Jeffrey N Harr, MD, MPH, Fred Brody, MD, MBA. The George Washington University
Pseudoachalasia occurs in approximately 4% of all achalasia patients. A vast majority is caused by malignancies involving the distal esophagus and/or gastric cardia, and can mimic idiopathic achalasia. Often, manometry cannot distinguish between achalasia and pseudoachalasia, and diagnosis is dependent on endoscopic and radiologic studies.
We present a 51-year old woman with a 2-year history of progressive dysphagia. She has a significant history for stage IIB breast cancer treated by lumpectomy, axillary lymph node dissection, and chemoradiation. Over the past 2 years, she reported significant weight loss, with a current BMI of 18.6. She was initially evaluated with an UGI, which demonstrated a dilated, sigmoid esophagus, with a tapering, consistent with achalasia. Subsequently, an upper endoscopy revealed a dilated esophagus with retained food and no definitive masses. Manometry was consistent with achalasia. However, a CT scan, obtained as a result of her prior cancer history, revealed a large homogenous mass at the gastroesophageal junction involving both the distal esophagus and proximal stomach. Endoscopic ultrasound with fine needle aspiration revealed spindle cells, which were S100 positive and CD117 negative. The mass appeared to be arising from the submucosal layer and completely encircled the esophagus. The differential diagnosis included leiomyoma, leiomyosarcoma, and a gastrointestinal stromal tumor.

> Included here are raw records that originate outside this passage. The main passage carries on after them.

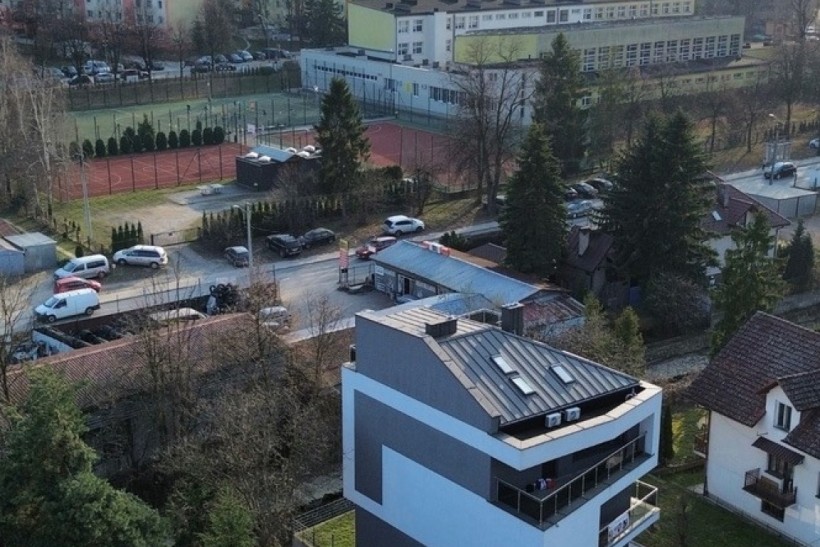 Działka budowlano-usługowa w centrum Myślenic z prawomocnym pozwoleniem na budowę budynku mieszkalnego jednorodzinnego z częścią usługową przy ul. Średniawskiego w pierwszej linii zabudowy. Zaledwie 500 m od Rynku.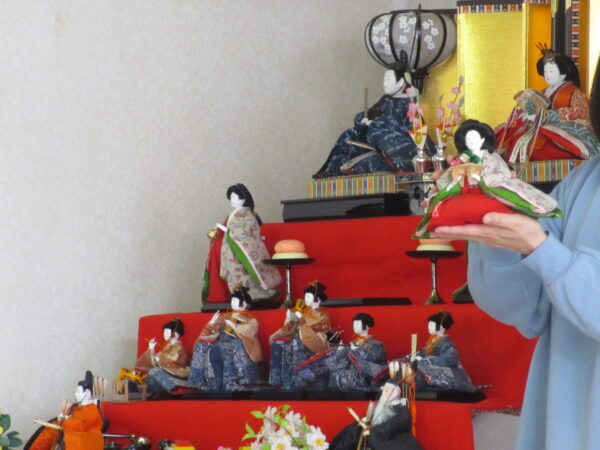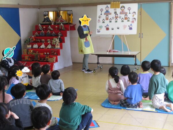 保育園に飾ったおひなさまを見ながら由来の話を聞いたり、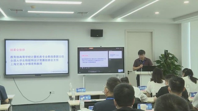 教育部计算机教指委副主任傅育熙教授致辞介绍了竞赛创建历程,计算机教指委对物联网工程专业建设的重视程度,最后向全国参赛学子提出殷切希望:“一边学习,一边了解世界!”。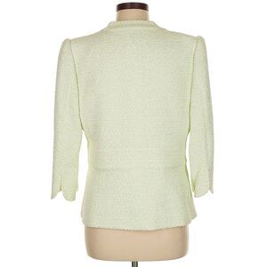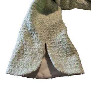 An elegant, shimmering designer jacket that can be worn year round for dressy occasions, to the office or casual occasions. The material is a textured, woven tweed-like fabric with clear buttons which reflect the green in the material. The mint green is perfect for spring and the shimmer is perfect for any holiday.

The patient underwent a laparoscopic excision of the gastroesophageal mass. After mobilization of the distal esophagus, the outer longitudinal and inner circular muscles were divided exposing the submucosal mass. The mass appeared to be encapsulated, and was dissected off the muscular and submucosal layers of the esophagus. The muscular layers were then reapproximated, and a paraesophagel hernia was repaired. Pathology revealed an 8.5 x 6.3 x 3.7 cm tumor with degeneration, necrosis, and calcifications. There was no significant cellularity, atypia, or mitoses. Immunohistochemistry was consistent with a benign leiomyoma.
The patient had an uncomplicated hospital course, and was discharged on post-operative day 2 on a soft mechanical. On follow-up, she had no evidence of reflux or dysphagia. Large leiomyomas of the distal esophagus or gastric cardia can be safely excised laparoscopically, even in the setting of pseudoachalasia.